** SUPPLIED DATA **
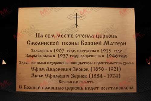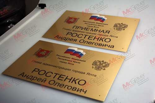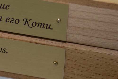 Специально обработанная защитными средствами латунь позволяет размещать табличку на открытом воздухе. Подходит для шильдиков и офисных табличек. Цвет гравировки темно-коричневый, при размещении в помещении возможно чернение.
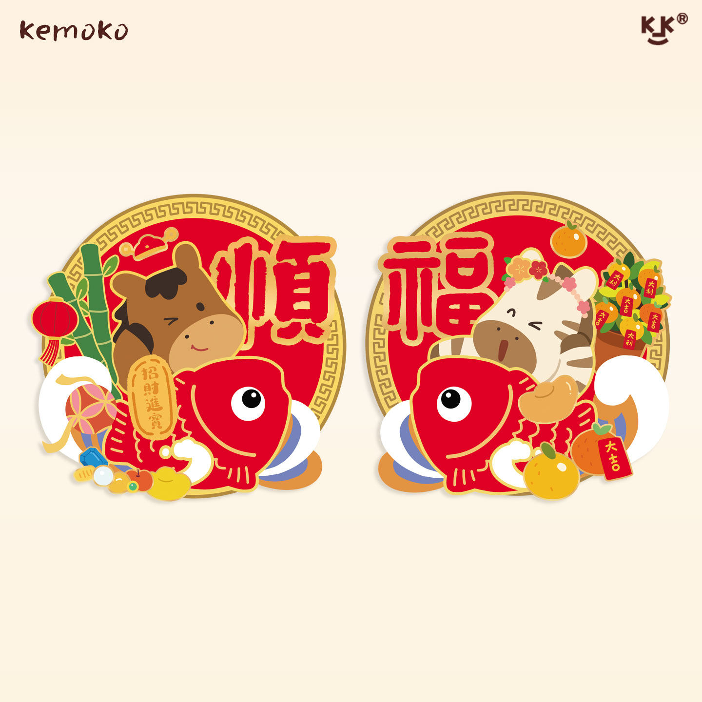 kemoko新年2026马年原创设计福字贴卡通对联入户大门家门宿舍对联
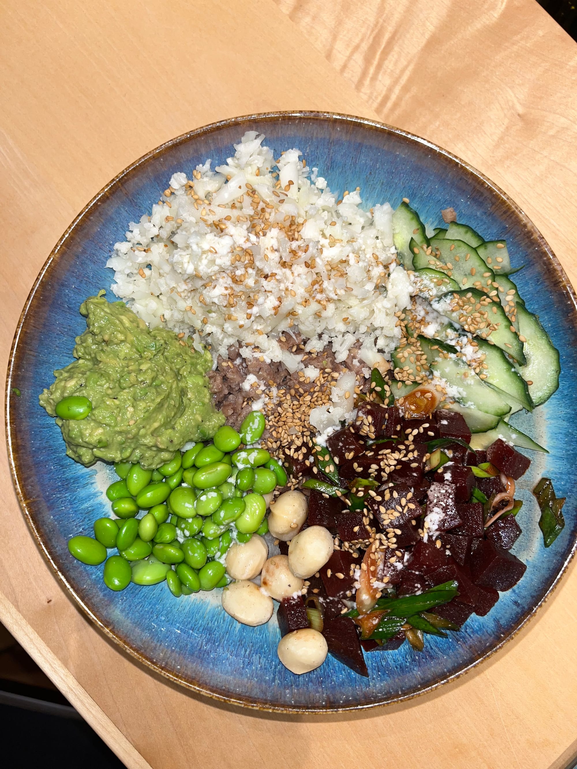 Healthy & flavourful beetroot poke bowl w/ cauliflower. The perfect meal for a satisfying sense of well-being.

** WHAT IS EXPECTED **
Everything in the data above, apart from the pictures, should be retyped exactly.

** TASK RESPONSE **
 Специально обработанная защитными средствами латунь позволяет размещать табличку на открытом воздухе. Подходит для шильдиков и офисных табличек. Цвет гравировки темно-коричневый, при размещении в помещении возможно чернение.
 kemoko新年2026马年原创设计福字贴卡通对联入户大门家门宿舍对联
 Healthy & flavourful beetroot poke bowl w/ cauliflower. The perfect meal for a satisfying sense of well-being.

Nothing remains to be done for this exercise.